It's unclear, analysts said, whether this is a clear signal of moviegoers' superhero fatigue after so many successful blockbusters.
But Gross said several factors are hurting such films in the theaters, including the growth of streaming services and the recently ended actors' strike ("Marvels" stars led by Brie Larson were unable to do promotional work) -- as well as a slew of "unimaginative and bad movies" across the genre.
"The Marvels," a complicated sci-fi yarn about quantum entanglement, "jump points" and holes in space, also stars Teyonah Parris and Iman Vellani.
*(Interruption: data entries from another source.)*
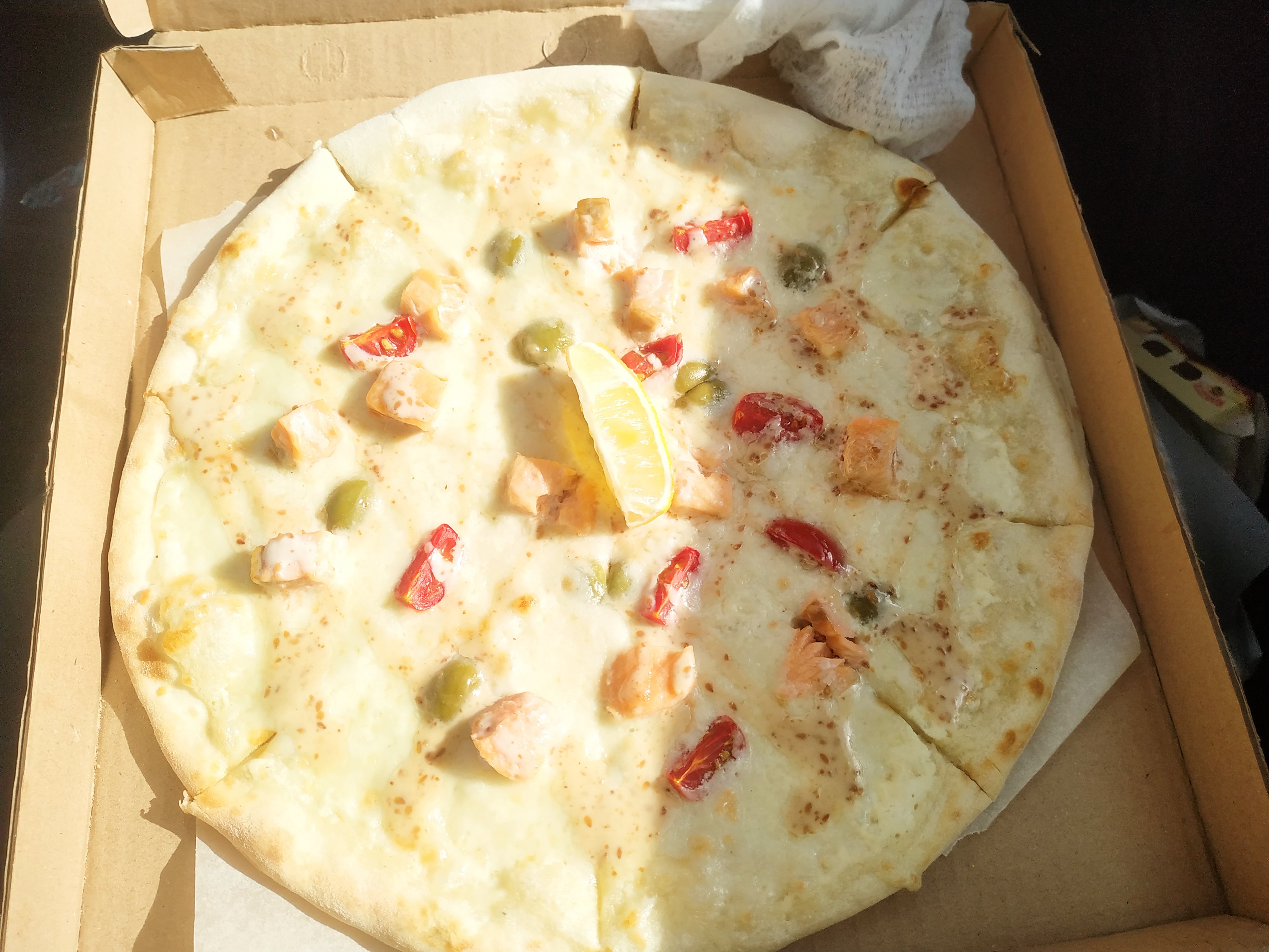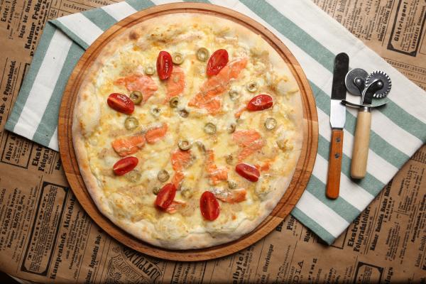 Состав: тесто, соус сливочный, моцарелла, лосось, томаты черри, оливки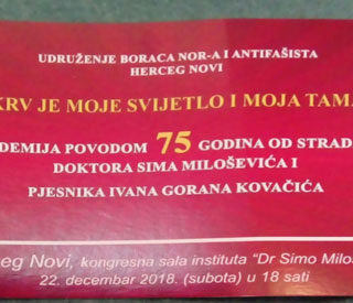 Udržunje boraca NOR-a i Antifašista Herceg Novog organizuje Akademiju povodom 75 godina od stradanja Doktora Sima Miloševića i pjesnika Ivana...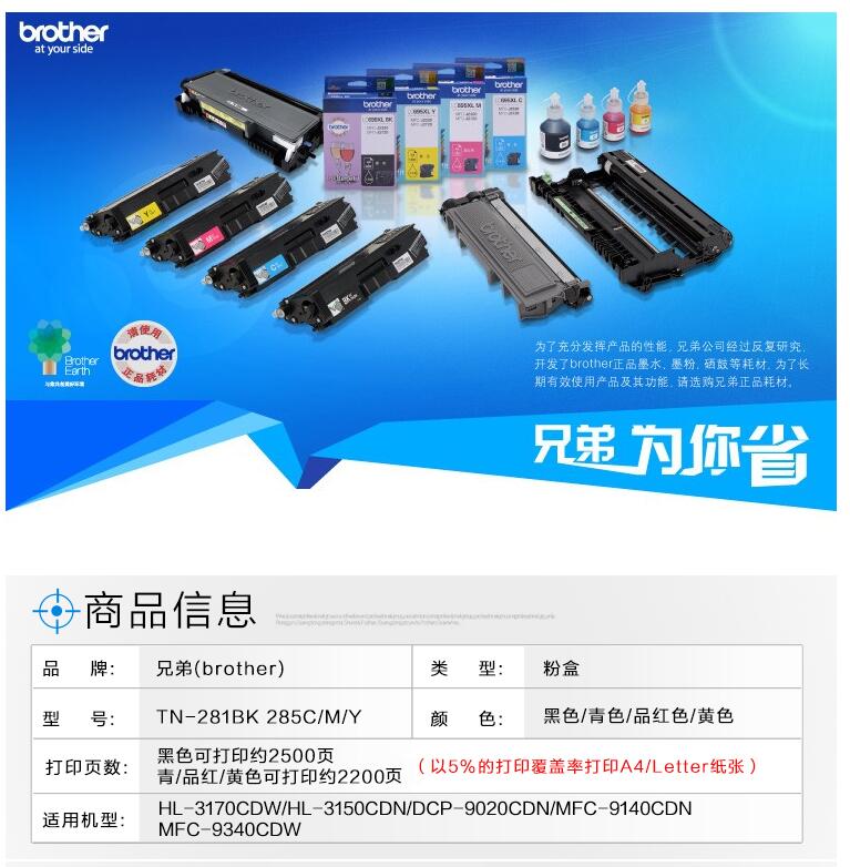 • 商品名稱(chēng):兄弟(brother)TN-285C青色粉盒 適用于兄弟3150CDN/3170CDW/9020CDN/9140CDN/9340CDW
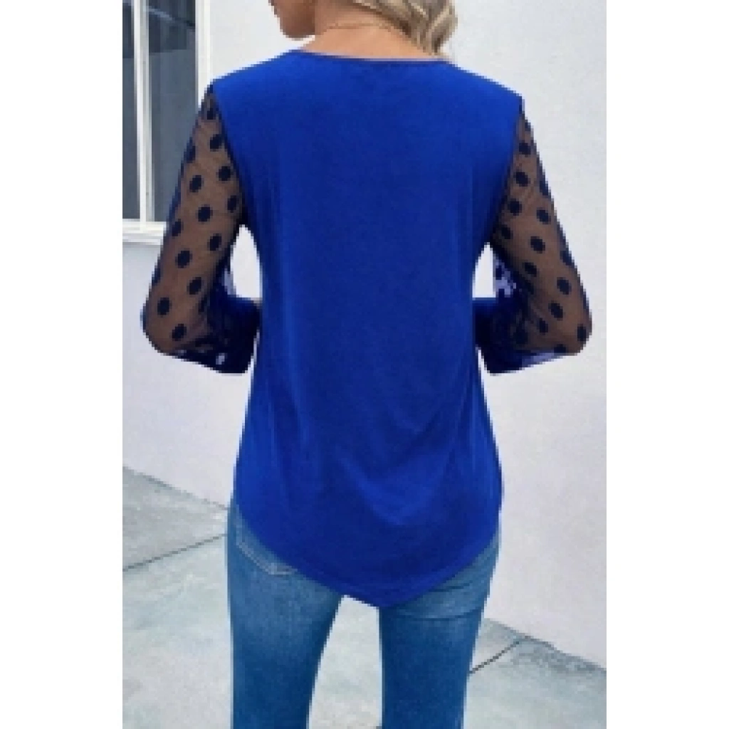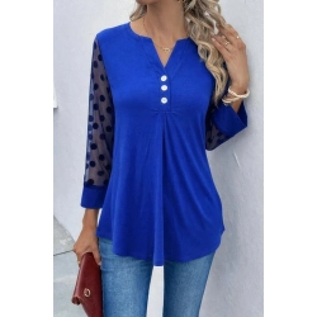 Kadın Uzun Kollu Yakadan Düğmeli Kolları Tül Detaylı Viskon Bluz
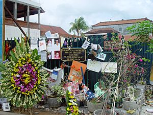據(jù)介紹,巴厘島當(dāng)局原打算在這塊空地上建一座紀(jì)念碑,但因有爭議,被擱置了下來。在街道左邊的小三角形地段,建筑工人正在鋪設(shè)路面。對(duì)面一座新商店已開始營業(yè),臨近的“泛印尼銀行”還修筑了一道新圍墻,樓頂加蓋了藍(lán)瓦新頂。除了這塊尚不知作何用途的空地以外,爆炸案現(xiàn)場已漸漸和庫塔街融為一體。

In second for the weekend was "Five Nights at Freddy's" from Universal Pictures and Blumhouse Productions, with estimated ticket sales of $9 million, industry watcher Exhibitor Relations reported Sunday. Josh Hutcherson plays a down-at-the-heels guard working nights at an abandoned family entertainment center where creepy animatronic characters spring -- murderously -- to life.
AMC Theaters' "Taylor Swift: The Eras Tour" again performed well: the superstar's concert film earned $5.9 million as it placed third for the weekend. Its total domestic haul in five weeks is now $172.5 million.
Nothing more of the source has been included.